You may think of soy as a food, but it's also used in manufacturing.
In the 1930s, Henry Ford hired chemists to turn it into artificial silk, which he named Azlon. While Azlon never reached the market, Ford still used soy in his automobile paints, and soy plastics eventually were used to make horn buttons, gear-shift knobs, and accelerator pedals in all Ford cars.
A new study has found that there may be yet another benefit from soy. It turns out that soy milk and other soy foods could help keep bones strong, staving off osteoporosis, which is a serious concern for women as they age (24.5 percent over age 65 have the condition).
In addition, soy milk does not contain the worrisome proteins and saturated fat in dairy. Soy milk has 0.5 grams of saturated fat per cup; whole milk has 4.6 grams.
For a new study in Bone Reports, researchers divided rats into two groups. For 30 weeks, one group ate a soy-based diet, the other a corn-based one.
At the study's end, the leg bones of the rats on the soy diet were significantly stronger.

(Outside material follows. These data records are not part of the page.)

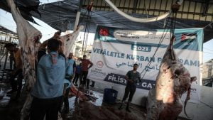 وقال أشرف إسماعيل مدير التعاون الدولي بوزارة الأوقاف في غزة :.”شرعنا بذبح أضاحي (لم يحدد عددها) بدعم من وقف الديانة التركي لتوزيعها على 30 ألف أسرة فقيرة بالقطاع”.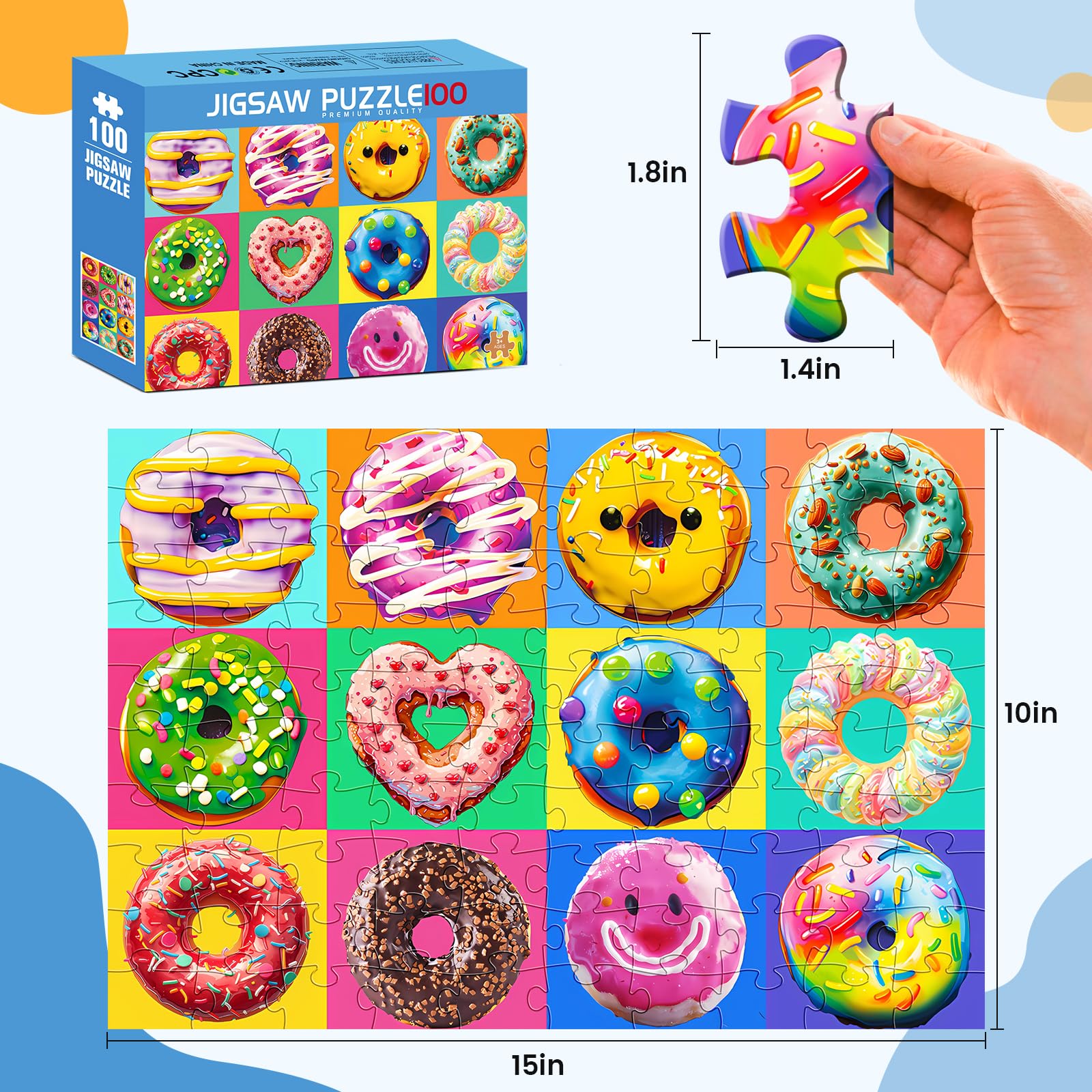 100 Pieces Puzzles For Kids Ages 4-8 | Delicious Donuts Jigsaw Puzzles | Large 100 Piece Puzzle For Toddler Children | Sturdy,Safe | Engaging & Educational Toys Great Gift For Boys Girls,15X10In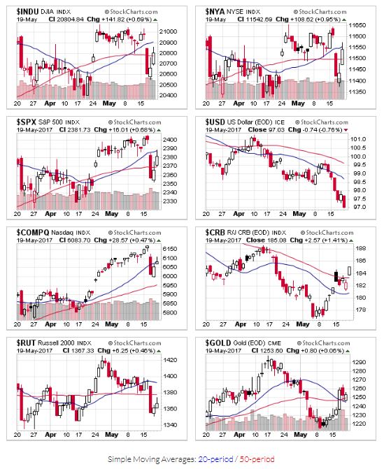 Stock indexes recovered some of their losses, and most begin this week above their 50 day moving averages, but below their 20-day. The Russell 2000 sits below both levels, reflecting the difficult week for small cap stocks.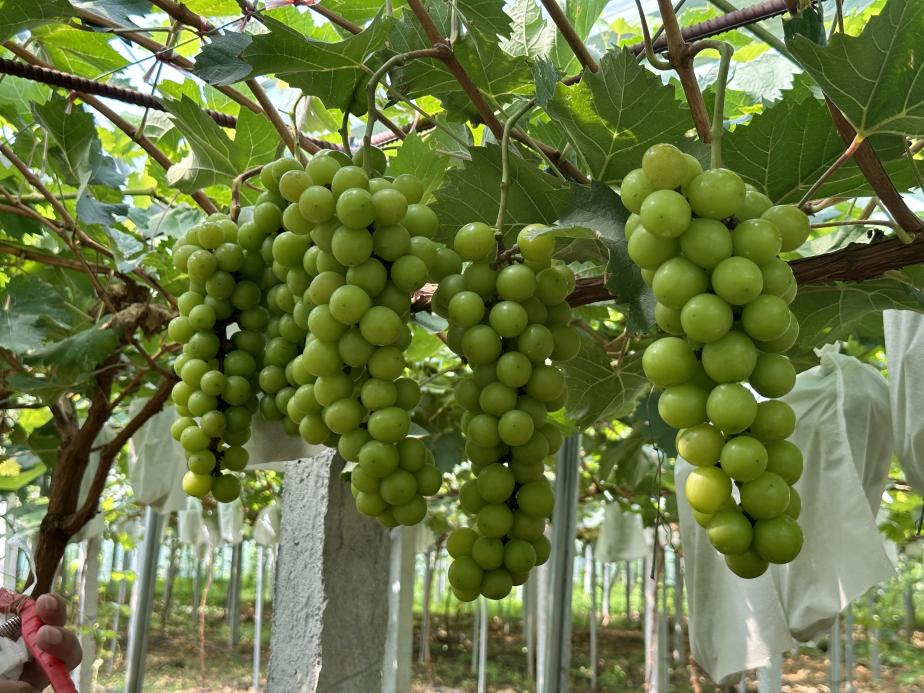 7月24日,走进平原村四季果园,翠冠梨、香瓜、葡萄、火龙果、黄桃等各类新鲜水果掩映在翠绿的枝叶间,浓郁的果香随着微风扑鼻而来,游客们根据自己的喜好采摘、品尝着新鲜水果。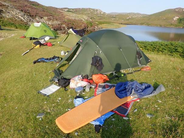Others found spots but soon started to find midges in the grass. Some of us had experience from previous trips in Canada where we camped on rock platforms, so chose this as our preferred option. Once the tents were set up and with some of the weight of our kit out of the boats, they were carried up to top of rocks, so they would be safe for the night. By now, most of the day trippers had left, so we began to cook the evening meal.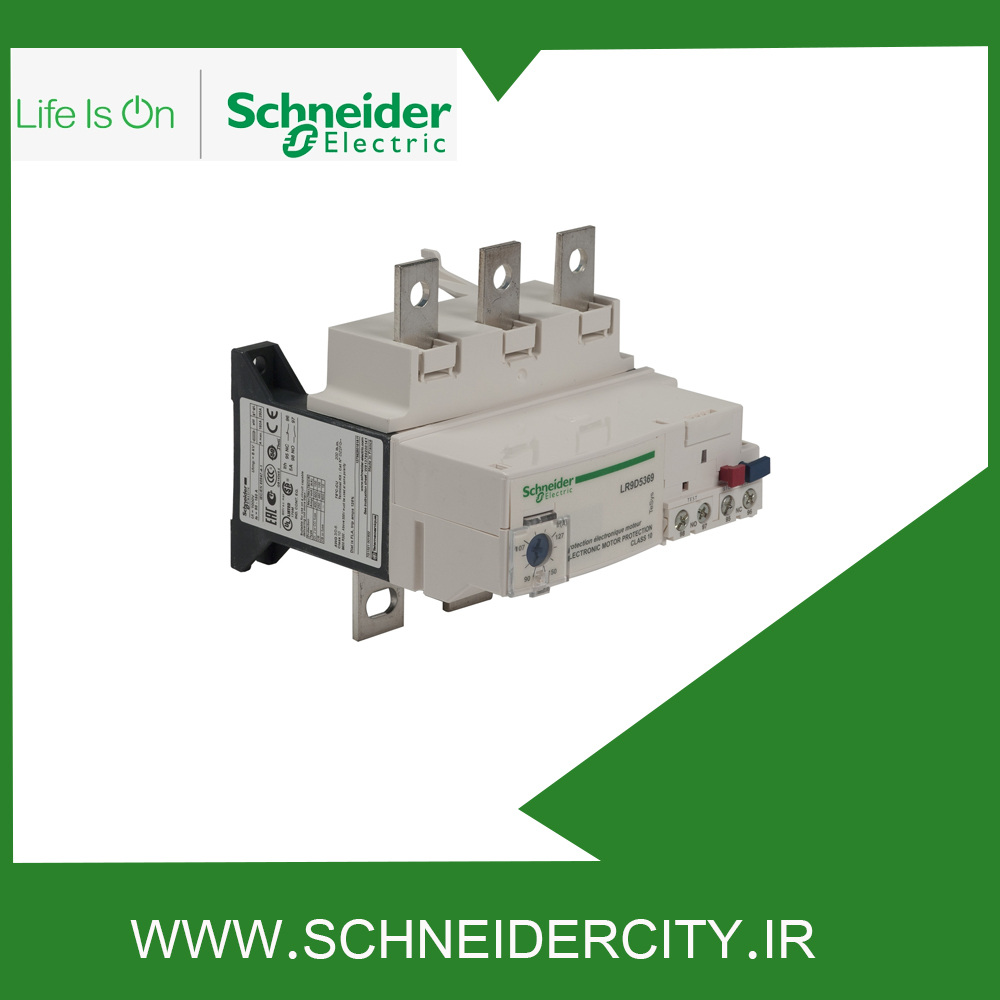 LR9D5369 اشنایدر در محدوده تنظیم جریان حرارتی 90 تا 150 آمپر از موتورهای ۳۷ تا ۴۵ کیلووات ۴۰۰ ولت محافظت می‌ کند. این وسیله به طور مستقیم زیر کنتاکتورهای سه پل نصب می ‌شود و موتورهای سه فاز و تک فاز را در برابر اضافه بار حرارتی به خوبی حفظ می ‌کند.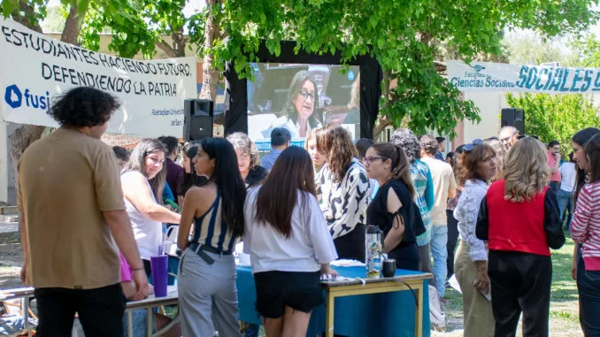 El jueves 2 de octubre, desde el mediodía, se llevó a cabo en el Espacio Verde de la Facultad de Ciencias Sociales (FACSO) de la Universidad Nacional de San Juan (UNSJ) un festival en defensa de la educación pública, organizado por el Espacio Estudiantil Ideas y con el acompañamiento de docentes, estudiantes, gremios y organizaciones sociales. El evento incluyó bandas en vivo, un remerazo y la transmisión en vivo de la sesión del Senado de la Nación, en la que se debatía la ratificación de la ley de Financiamiento Universitario.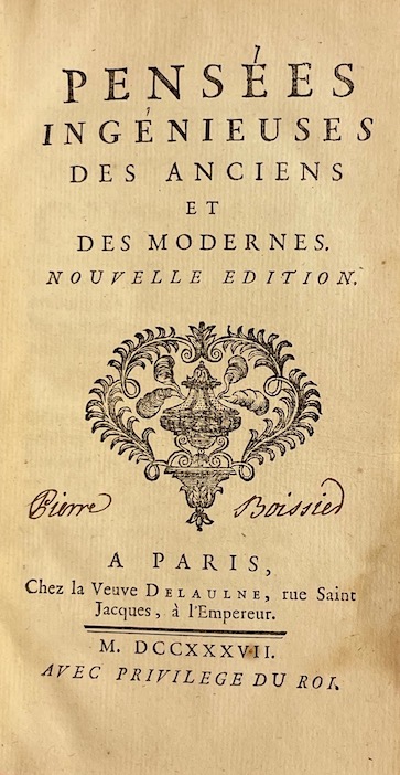[BOUHOURS (Dominique)] Pensées ingénieuses des anciens et des modernes. Nouvelle édition. A paris, Chez la Veuve Delaulne, 1737.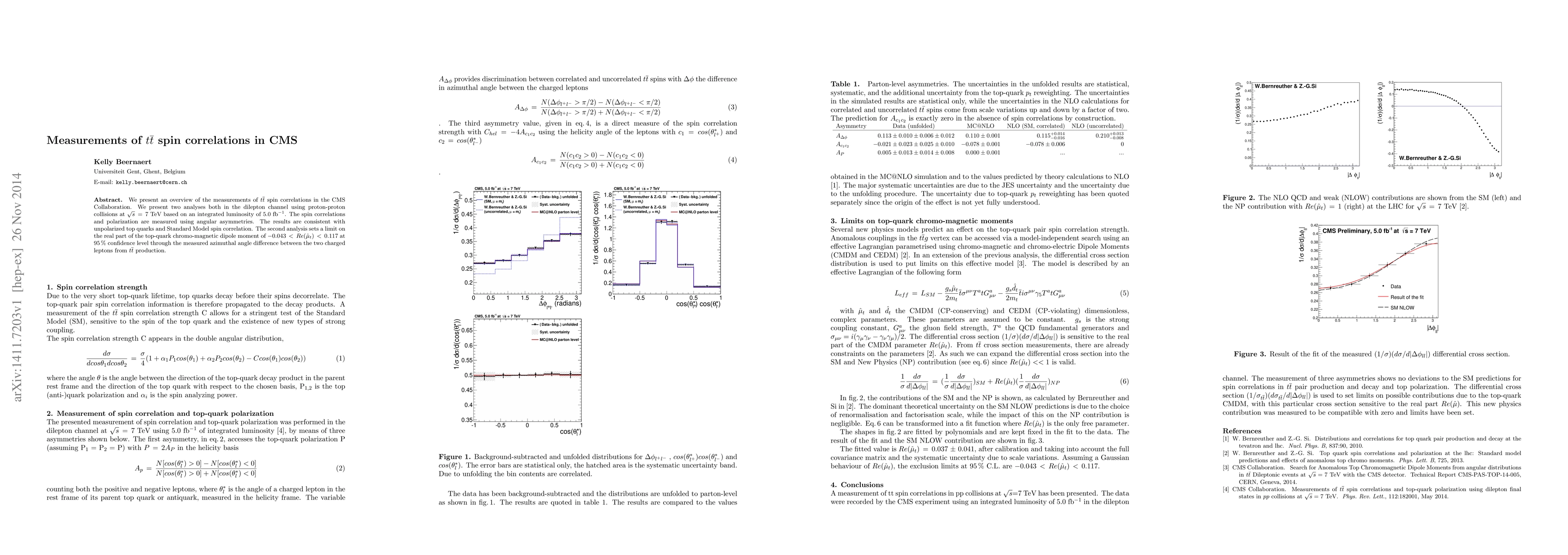 This paper presents measurements of $t\bar{t}$ spin correlations in the CMS Collaboration using proton-proton collisions at 7 TeV, finding results consistent with unpolarized top quarks and Standard Model predictions. It also sets a limit on the real part of the top-quark chromo-magnetic dipole moment.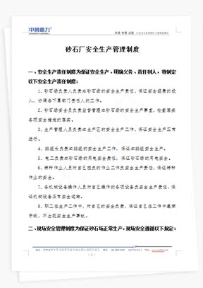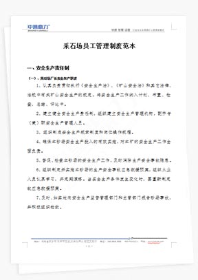 提供礦山運(yùn)營管理制度、砂石廠生產(chǎn)管理規(guī)章、采石場安全生產(chǎn)標(biāo)準(zhǔn)化文件下載,涵蓋崗位職責(zé)說明書、設(shè)備操作規(guī)范、應(yīng)急預(yù)案模板等全流程文檔,助力企業(yè)合規(guī)高效運(yùn)營。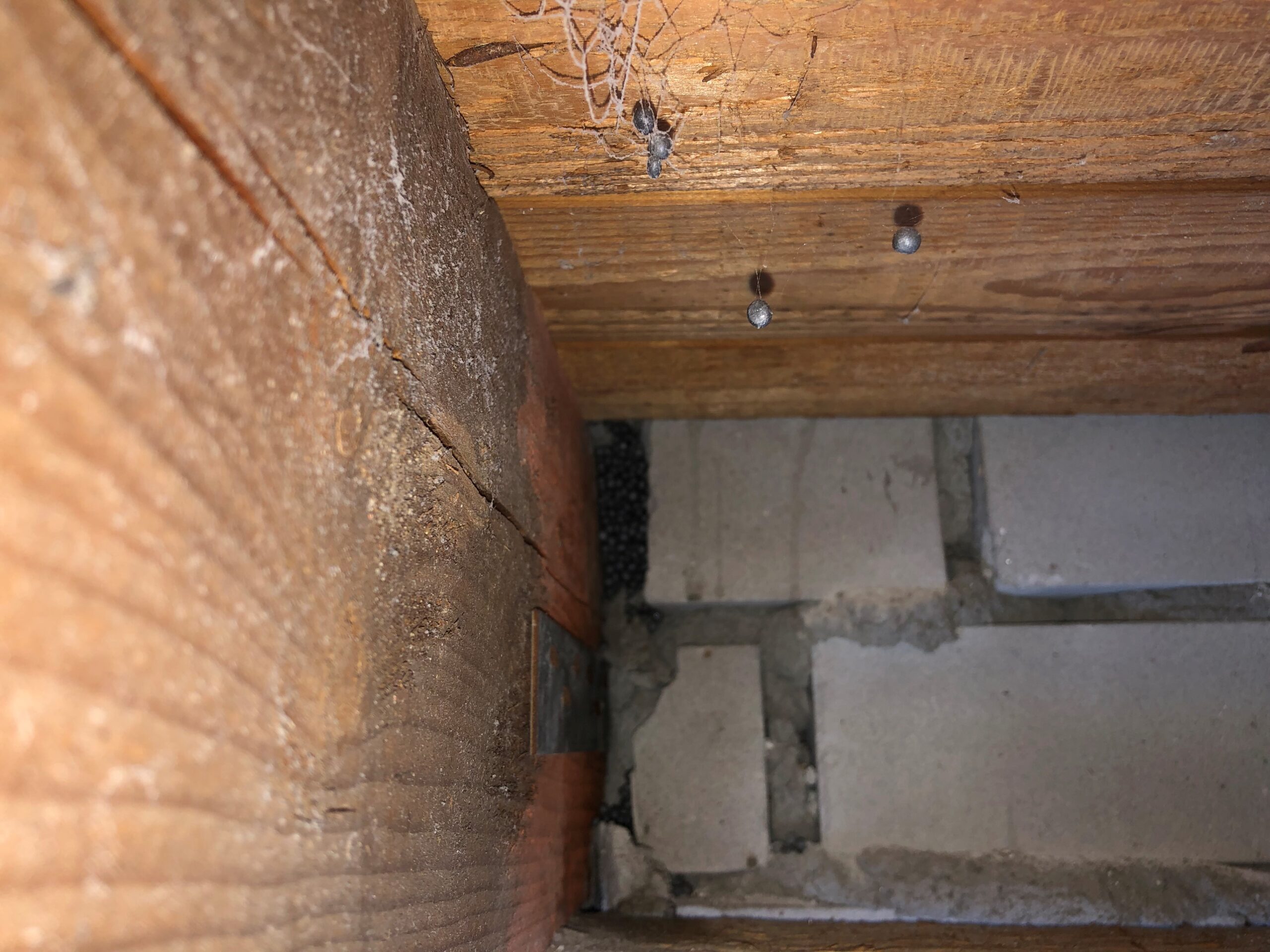 Een oud huis zit vol met naden en kieren. Langs de houten balken konden we vanaf binnen de spouw inkijken. Tegelijk met de verbouwing van de woonkamer hebben we de balkkoppen goed afgedicht.
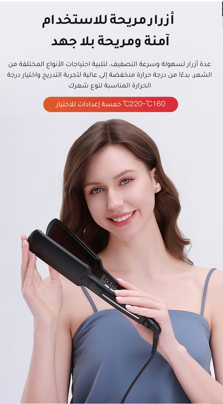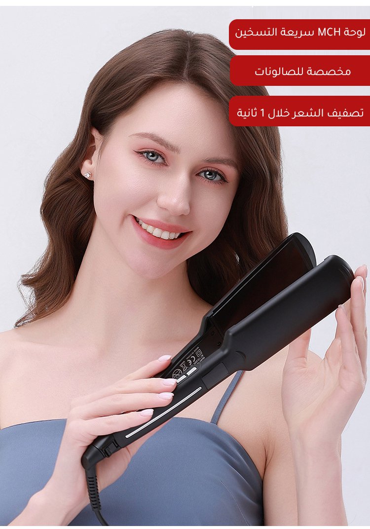 (نعومة في 1 ثانية) مكواة فرد الشعر بلوح عريض دون إتلاف الشعر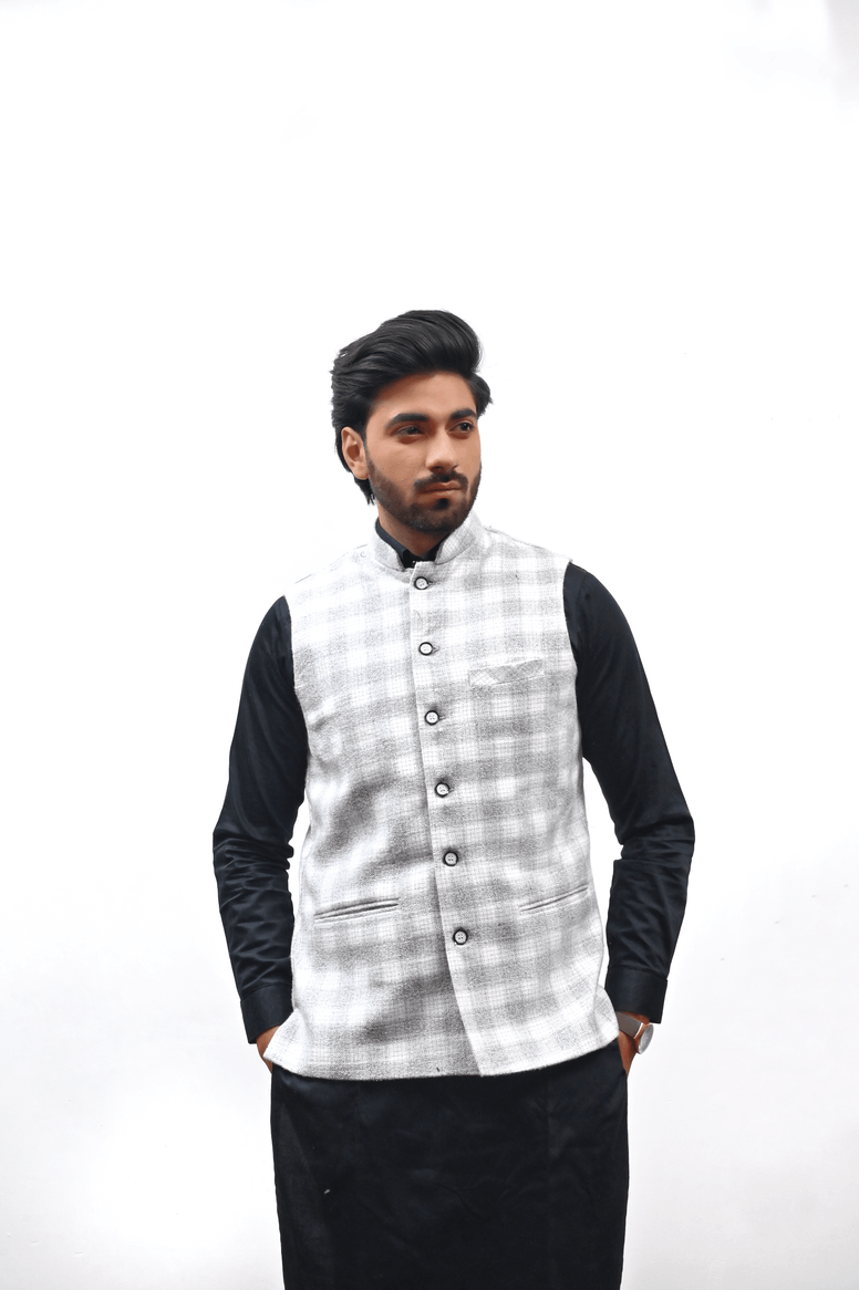 Introducing our latest Athens Gray & Milky White Checkered (Nehru) jacket, a timeless blend of classic style and modern sophistication. Crafted with meticulous attention to detail, this jacket features a premium checked fabric that adds a touch of elegance to any outfit

This was true for rats with ovaries and without, suggesting that the benefits could be the same for pre- and postmenopausal women.
So women (and older men, 5 percent of whom of those over 65 have osteoporosis of the femur, neck, and lumbar spine) might try adding more soy-based products to their diet.
Sub in tofu for meat a couple times a week or try your cereal and coffee with soy milk.